Required work =
Copy out exactly the stretch of the listing below that begins at the line containing "К другим компонентам, входящим" and ends at the line containing "The proposed facility", and copy nothing outside it.

Task data =
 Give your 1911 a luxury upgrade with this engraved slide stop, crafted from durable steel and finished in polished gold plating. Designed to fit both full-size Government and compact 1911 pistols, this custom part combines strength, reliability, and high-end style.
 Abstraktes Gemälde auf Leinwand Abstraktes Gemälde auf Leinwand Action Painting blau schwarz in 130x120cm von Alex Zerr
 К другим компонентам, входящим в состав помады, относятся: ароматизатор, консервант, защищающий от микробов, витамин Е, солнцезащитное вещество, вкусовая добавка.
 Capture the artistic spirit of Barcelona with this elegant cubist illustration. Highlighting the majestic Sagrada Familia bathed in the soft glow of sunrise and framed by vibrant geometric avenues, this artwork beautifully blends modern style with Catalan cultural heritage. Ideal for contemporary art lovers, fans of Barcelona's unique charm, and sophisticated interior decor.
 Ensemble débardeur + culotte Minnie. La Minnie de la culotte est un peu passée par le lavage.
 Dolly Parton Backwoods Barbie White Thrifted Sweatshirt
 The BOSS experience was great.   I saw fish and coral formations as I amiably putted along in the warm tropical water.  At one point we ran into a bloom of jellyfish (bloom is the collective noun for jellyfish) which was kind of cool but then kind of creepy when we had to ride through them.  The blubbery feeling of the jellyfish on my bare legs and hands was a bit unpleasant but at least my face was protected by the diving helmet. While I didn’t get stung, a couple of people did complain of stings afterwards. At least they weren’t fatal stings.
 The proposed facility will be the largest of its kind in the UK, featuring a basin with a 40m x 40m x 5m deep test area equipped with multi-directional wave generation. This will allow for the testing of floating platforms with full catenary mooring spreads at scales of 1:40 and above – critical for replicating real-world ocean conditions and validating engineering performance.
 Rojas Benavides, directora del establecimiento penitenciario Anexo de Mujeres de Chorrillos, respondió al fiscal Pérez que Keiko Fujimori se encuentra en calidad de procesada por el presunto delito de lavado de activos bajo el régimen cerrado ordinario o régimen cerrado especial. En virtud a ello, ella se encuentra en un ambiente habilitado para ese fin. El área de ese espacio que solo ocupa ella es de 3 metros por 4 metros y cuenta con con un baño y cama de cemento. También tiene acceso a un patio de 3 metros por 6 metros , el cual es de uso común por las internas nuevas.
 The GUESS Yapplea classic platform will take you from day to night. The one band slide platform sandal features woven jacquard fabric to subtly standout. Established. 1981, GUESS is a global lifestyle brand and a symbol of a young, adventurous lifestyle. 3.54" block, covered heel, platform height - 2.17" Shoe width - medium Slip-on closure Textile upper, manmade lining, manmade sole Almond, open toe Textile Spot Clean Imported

Answer space =
 К другим компонентам, входящим в состав помады, относятся: ароматизатор, консервант, защищающий от микробов, витамин Е, солнцезащитное вещество, вкусовая добавка.
 Capture the artistic spirit of Barcelona with this elegant cubist illustration. Highlighting the majestic Sagrada Familia bathed in the soft glow of sunrise and framed by vibrant geometric avenues, this artwork beautifully blends modern style with Catalan cultural heritage. Ideal for contemporary art lovers, fans of Barcelona's unique charm, and sophisticated interior decor.
 Ensemble débardeur + culotte Minnie. La Minnie de la culotte est un peu passée par le lavage.
 Dolly Parton Backwoods Barbie White Thrifted Sweatshirt
 The BOSS experience was great.   I saw fish and coral formations as I amiably putted along in the warm tropical water.  At one point we ran into a bloom of jellyfish (bloom is the collective noun for jellyfish) which was kind of cool but then kind of creepy when we had to ride through them.  The blubbery feeling of the jellyfish on my bare legs and hands was a bit unpleasant but at least my face was protected by the diving helmet. While I didn’t get stung, a couple of people did complain of stings afterwards. At least they weren’t fatal stings.
 The proposed facility will be the largest of its kind in the UK, featuring a basin with a 40m x 40m x 5m deep test area equipped with multi-directional wave generation. This will allow for the testing of floating platforms with full catenary mooring spreads at scales of 1:40 and above – critical for replicating real-world ocean conditions and validating engineering performance.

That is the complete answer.